I moved up through the ranks and ultimately directed all of the company's Public Relations and Marketing here in the United States. Looking back on my career, I realize that the success I enjoyed came about as a result of one skill…and that was the ability to tell a good story. And that was the same ability that would have made me a good teacher, clergyman, or coach, as I had been told all those years ago in Wisconsin.
May I urge you to consider two things?
If you have high school-aged children, please have them take tests that help them understand not only what they know, but also their personality, so that they can find careers that will make them happy.
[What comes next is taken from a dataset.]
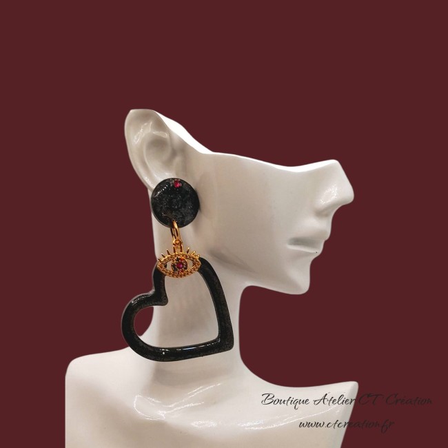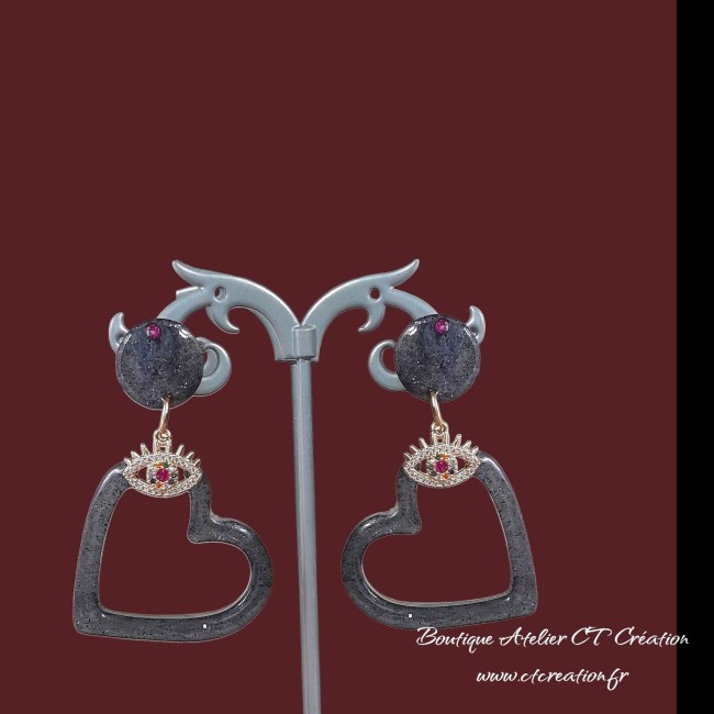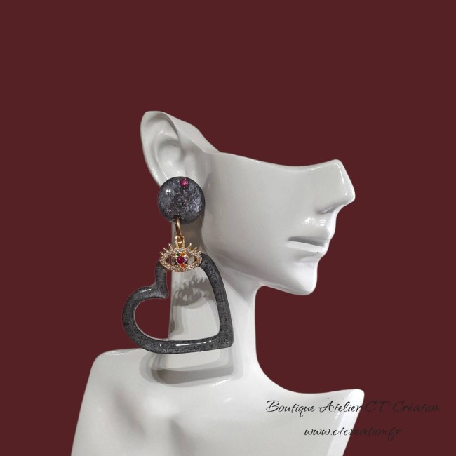 Superbes boucles d'oreilles très légères car elles sont réalisées à partir de résine et pigments avec intercalaire oeil de protection en laiton incrusté de zircons

Do not rule out a career as a licensed tradesperson! Today, there is a huge demand for Automotive Technicians, Electricians, Plumbers, Carpenters, HVAC Technicians, and other Trades Specialists. These people can earn a very handsome income, own their own company, and set up their business anywhere they would like to live.
Not everyone needs to go to college!
There is way more demand for skilled tradespersons today than there is supply. In the automobile business, dealerships are constantly looking to recruit skilled technical people. Here in the New York area, it is not uncommon for a top automotive technician to earn more than $100,000 a year at a dealership. Often, the best ones are recruited away by other dealerships who pay them signing bonuses, like professional sports players. And one of the good things about being someone like a licensed plumber is that you can take that trade with you, should you decide, you would rather live in Florida or Texas than New York. It is your skill set and your license. You can move.
I think there is absolutely nothing wrong with college. But it has never really been the right educational choice for everyone. Yet in our society, we seem to feel that everyone should go to college. One of the key metrics used to evaluate high schools is the percentage of graduates who go on to college, so they tend to encourage college applications. Let me close by asking you if you think that is serving the best interest of their students or the prestige of the high school?